One of the first people at Caltech to figure out how to solve it was Peter Shor. Until there were a fair number of other people who had figured it out, Peter was nice enough to make a nightly circuit of the student houses solving people's cubes for them.
I remember one strange night when Peter came around right as several of us where wondering if some particular thing was reasonably do-able. The group wondering this also happened to be high on LSD at the time. (To be clear, Peter was not tripping. He just encountered the tripping group on his nightly cube solving circuit).
Both Peter and one of the tripping people started working on the problem. The strange thing was that the tripping person was not a theory guy.
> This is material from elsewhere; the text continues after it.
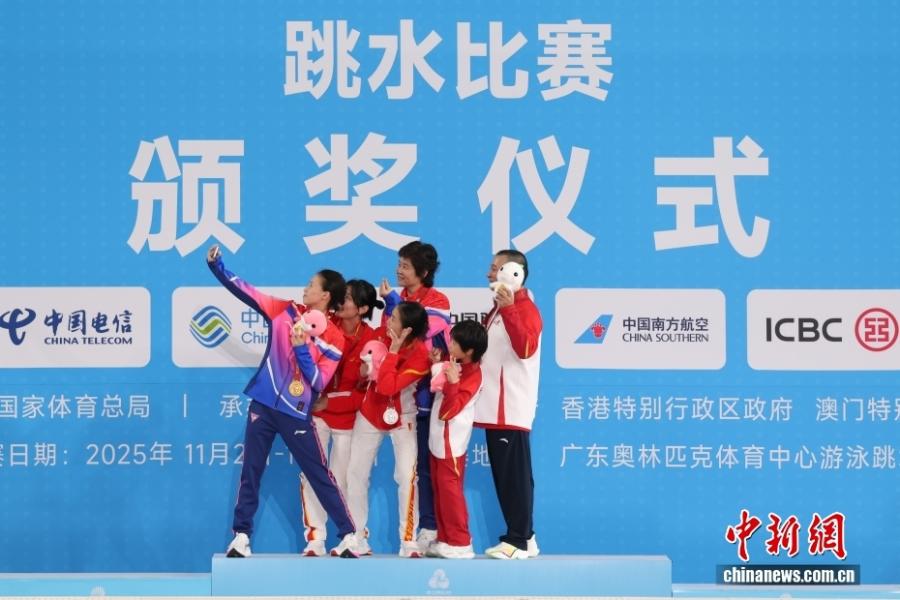 Gold medalist Chen Yuxi of Shanghai, silver medalist Lu Wei of Sichuan, bronze medalist Liu Zihan of Shandong and their coaches take a selfie during the awarding ceremony for the women's 10m platform of diving at China's 15th National Games in Guangzhou, south China's Guangdong Province, Nov. 10, 2025. (Photo: China News Service/Chen Chuhong)

He was a strictly experimental cubist. But for some reason he was just staring at his cube thinking about the problem.
And Peter, who would usually figure out these things with theory instead was just furiously trying things.
Peter and the tripping guy both solved it at the same time, while the rest of us wondered if we had entered the Twilight Zone.
I've gained a lot more appreciation for group theory from exploring math of the Rubik's cube.